• WHAT YOU NEED TO DO:
Return nothing but the lines from the one with "LION狮王ZACT去烟渍冰爽牙膏130g去渍去黄亮白清新" through the one with "The Men's Nike" in the data below, word for word and without pictures.

• INFORMATION SHOWN:

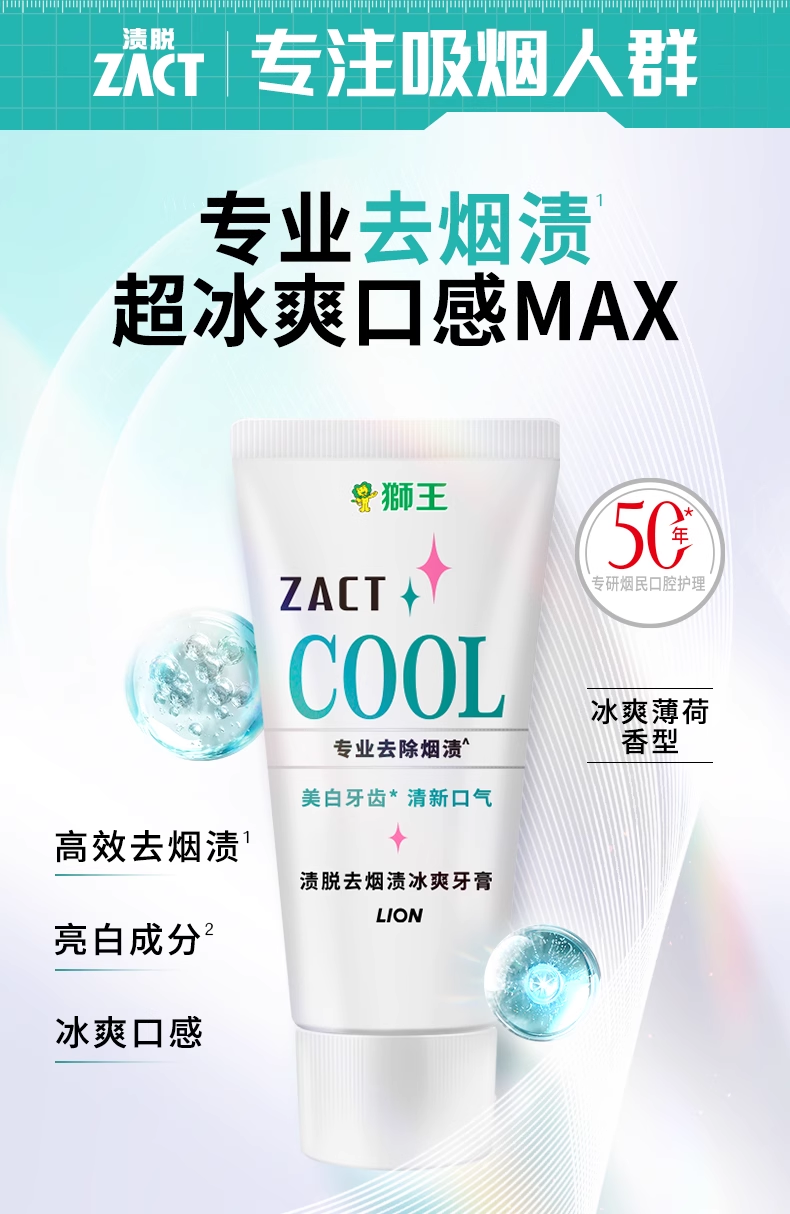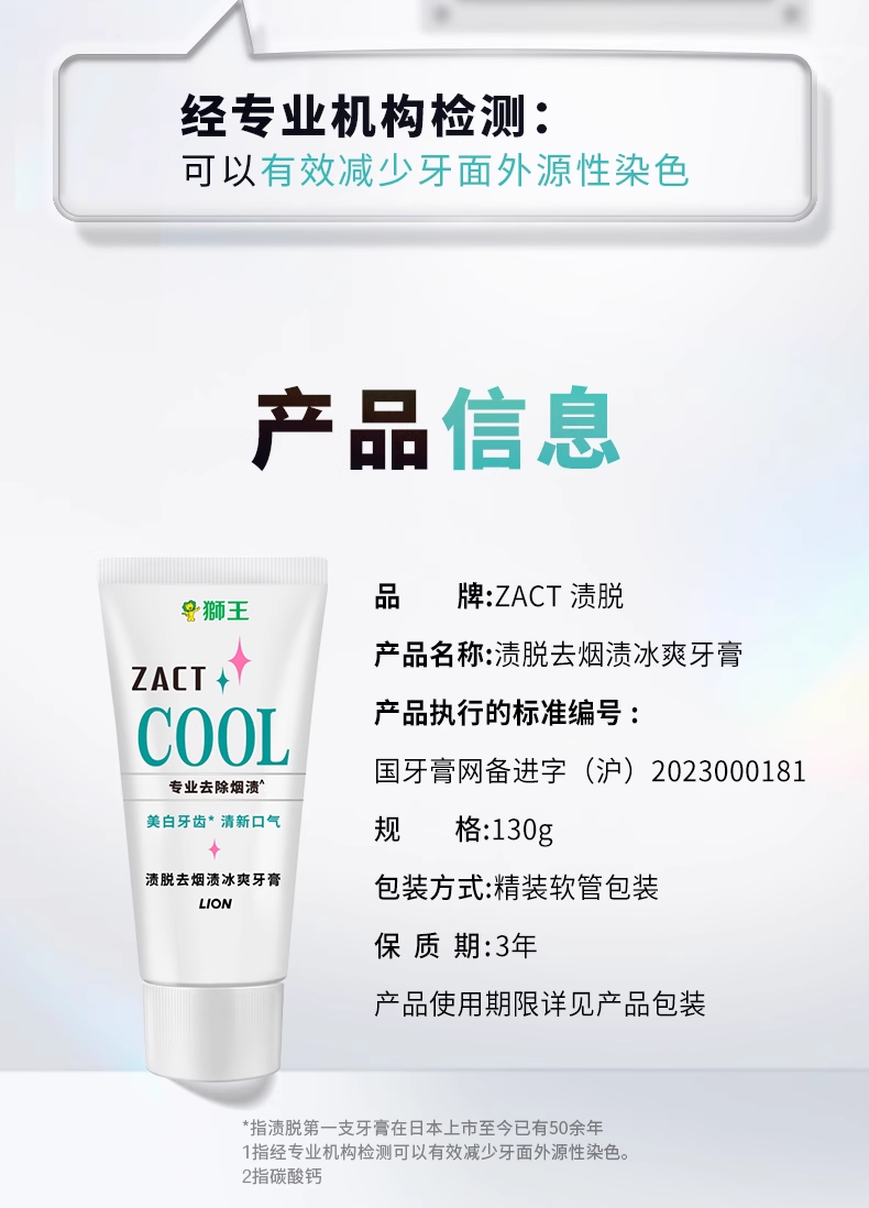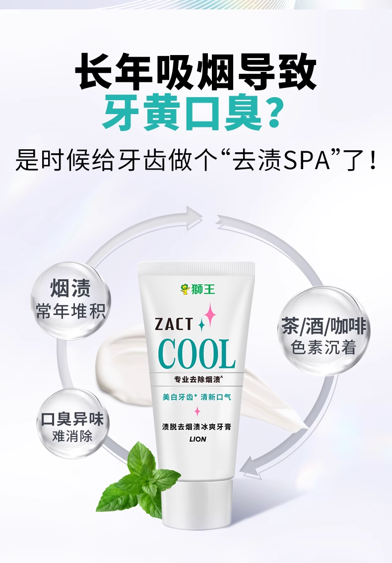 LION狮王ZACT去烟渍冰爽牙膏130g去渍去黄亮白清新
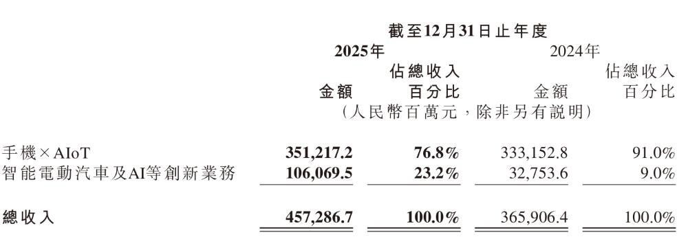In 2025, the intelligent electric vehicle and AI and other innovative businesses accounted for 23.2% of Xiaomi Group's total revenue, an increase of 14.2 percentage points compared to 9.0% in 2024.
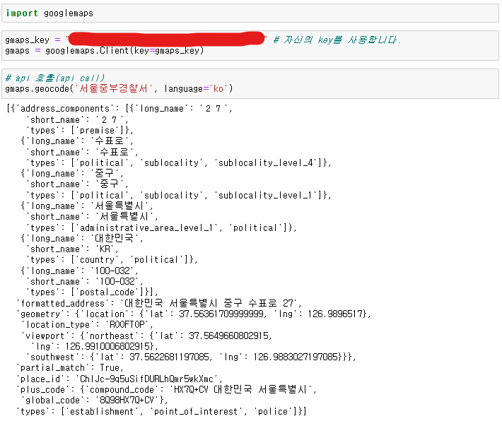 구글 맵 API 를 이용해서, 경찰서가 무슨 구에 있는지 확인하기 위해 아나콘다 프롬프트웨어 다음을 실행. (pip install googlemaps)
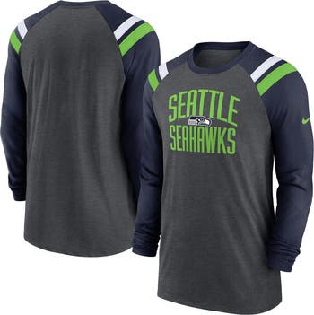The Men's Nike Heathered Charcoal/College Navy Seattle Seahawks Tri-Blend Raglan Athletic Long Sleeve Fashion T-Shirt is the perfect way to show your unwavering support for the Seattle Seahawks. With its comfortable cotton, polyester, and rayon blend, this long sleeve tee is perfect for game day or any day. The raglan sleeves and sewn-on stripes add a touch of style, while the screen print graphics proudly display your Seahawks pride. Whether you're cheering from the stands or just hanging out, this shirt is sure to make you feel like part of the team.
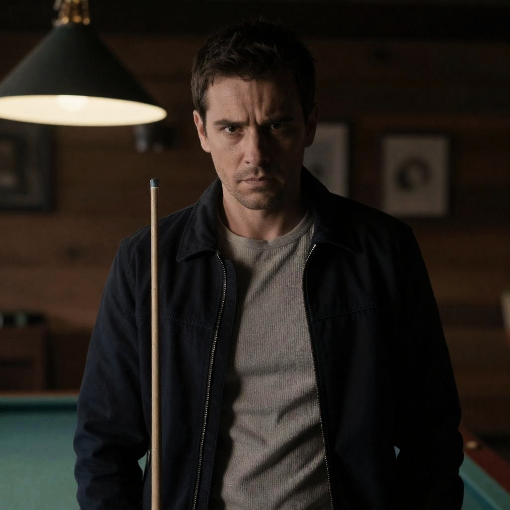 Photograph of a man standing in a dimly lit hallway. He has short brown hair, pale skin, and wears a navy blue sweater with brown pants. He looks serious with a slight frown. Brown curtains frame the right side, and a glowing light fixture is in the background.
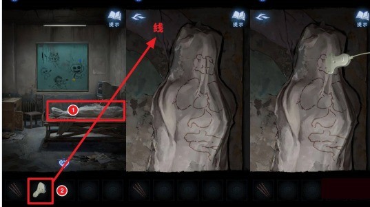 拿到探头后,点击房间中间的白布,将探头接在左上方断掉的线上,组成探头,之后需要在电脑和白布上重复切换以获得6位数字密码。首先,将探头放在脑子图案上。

* * *

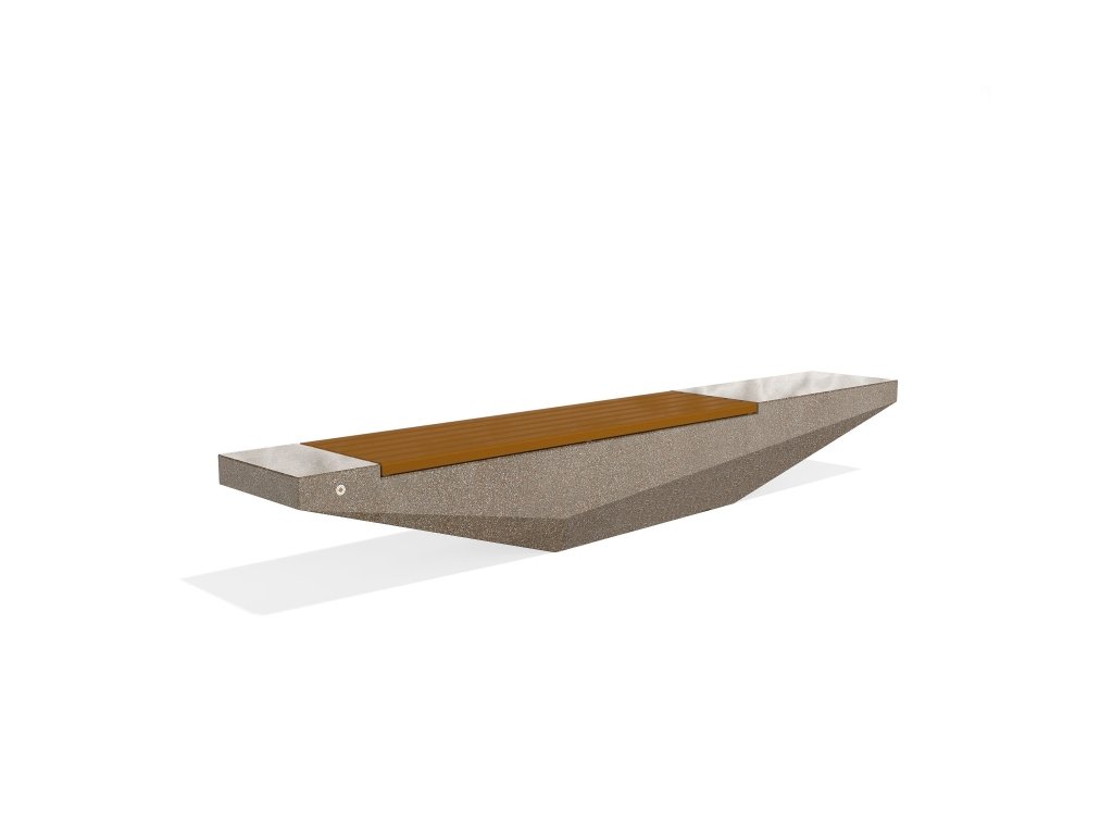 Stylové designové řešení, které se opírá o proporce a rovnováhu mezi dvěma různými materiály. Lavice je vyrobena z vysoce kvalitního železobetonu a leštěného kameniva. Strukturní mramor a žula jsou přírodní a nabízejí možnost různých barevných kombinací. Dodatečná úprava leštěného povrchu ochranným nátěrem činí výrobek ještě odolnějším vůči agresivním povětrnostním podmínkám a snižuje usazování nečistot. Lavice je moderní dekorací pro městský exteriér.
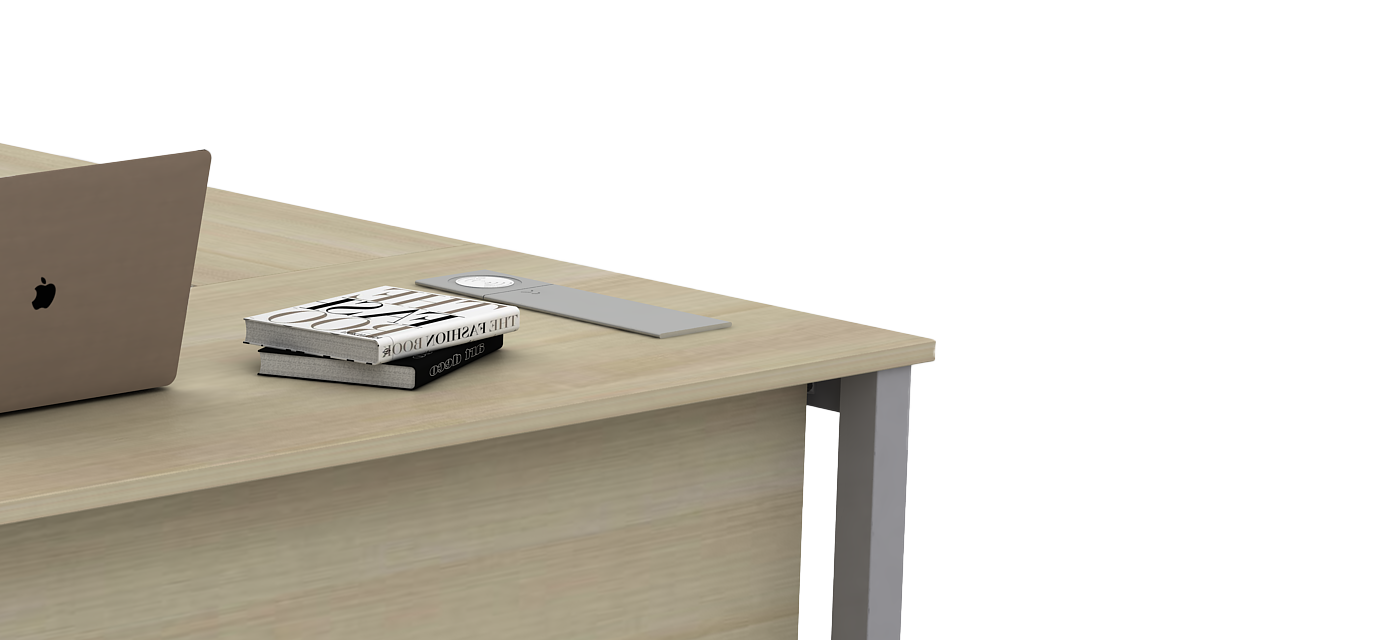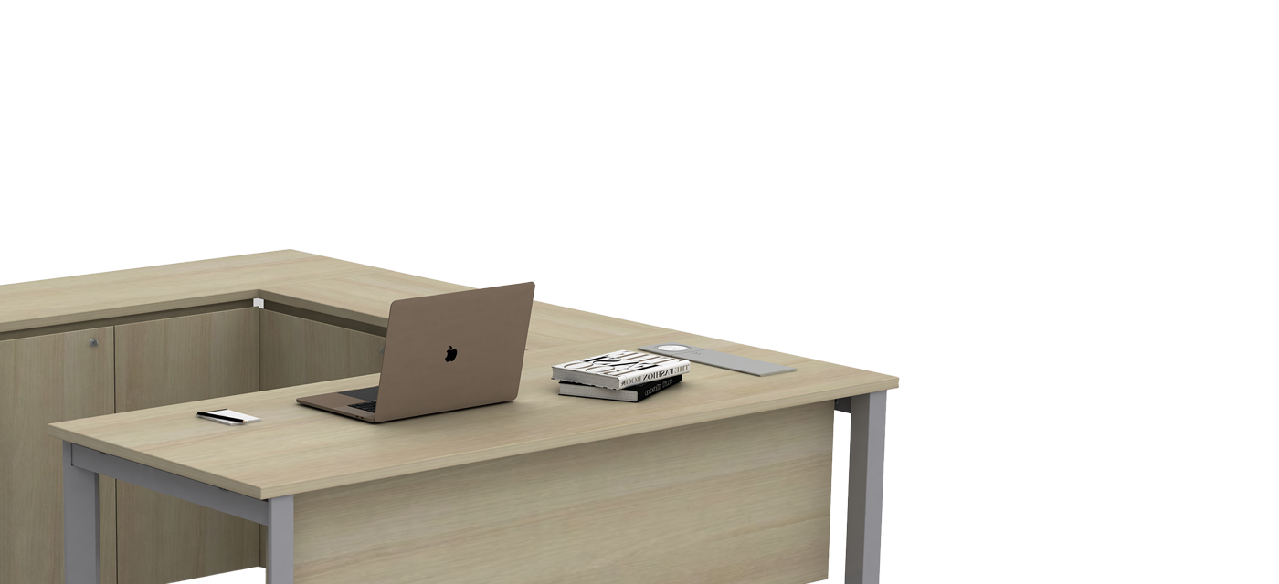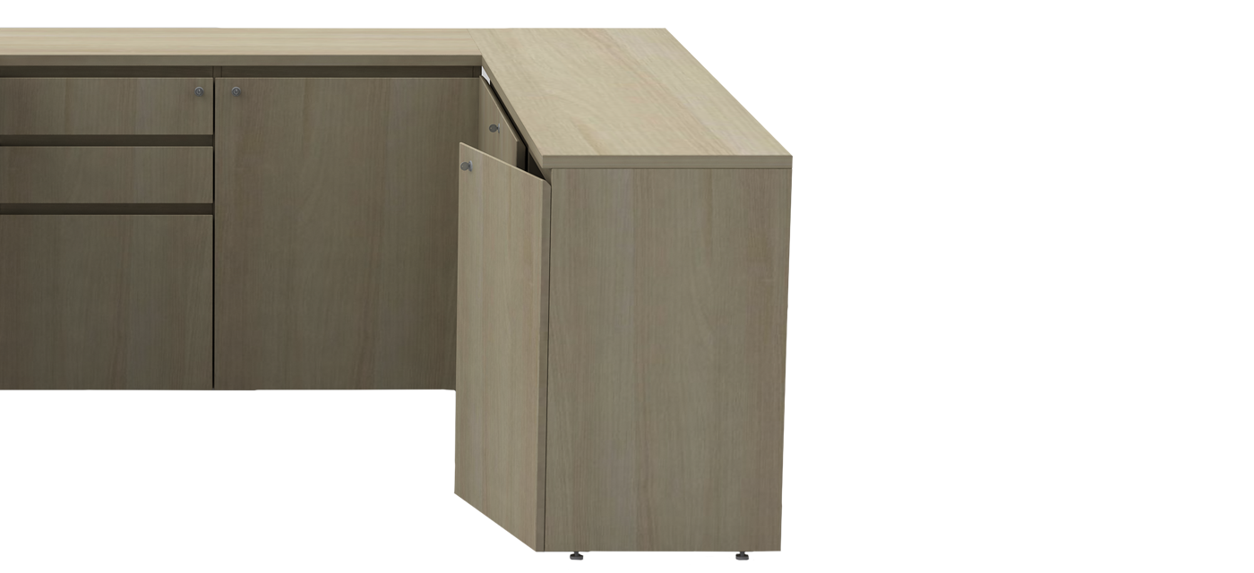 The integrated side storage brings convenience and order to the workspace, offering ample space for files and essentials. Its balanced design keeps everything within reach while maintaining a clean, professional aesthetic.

• WRITTEN ANSWER:
 LION狮王ZACT去烟渍冰爽牙膏130g去渍去黄亮白清新
In 2025, the intelligent electric vehicle and AI and other innovative businesses accounted for 23.2% of Xiaomi Group's total revenue, an increase of 14.2 percentage points compared to 9.0% in 2024.
 구글 맵 API 를 이용해서, 경찰서가 무슨 구에 있는지 확인하기 위해 아나콘다 프롬프트웨어 다음을 실행. (pip install googlemaps)
The Men's Nike Heathered Charcoal/College Navy Seattle Seahawks Tri-Blend Raglan Athletic Long Sleeve Fashion T-Shirt is the perfect way to show your unwavering support for the Seattle Seahawks. With its comfortable cotton, polyester, and rayon blend, this long sleeve tee is perfect for game day or any day. The raglan sleeves and sewn-on stripes add a touch of style, while the screen print graphics proudly display your Seahawks pride. Whether you're cheering from the stands or just hanging out, this shirt is sure to make you feel like part of the team.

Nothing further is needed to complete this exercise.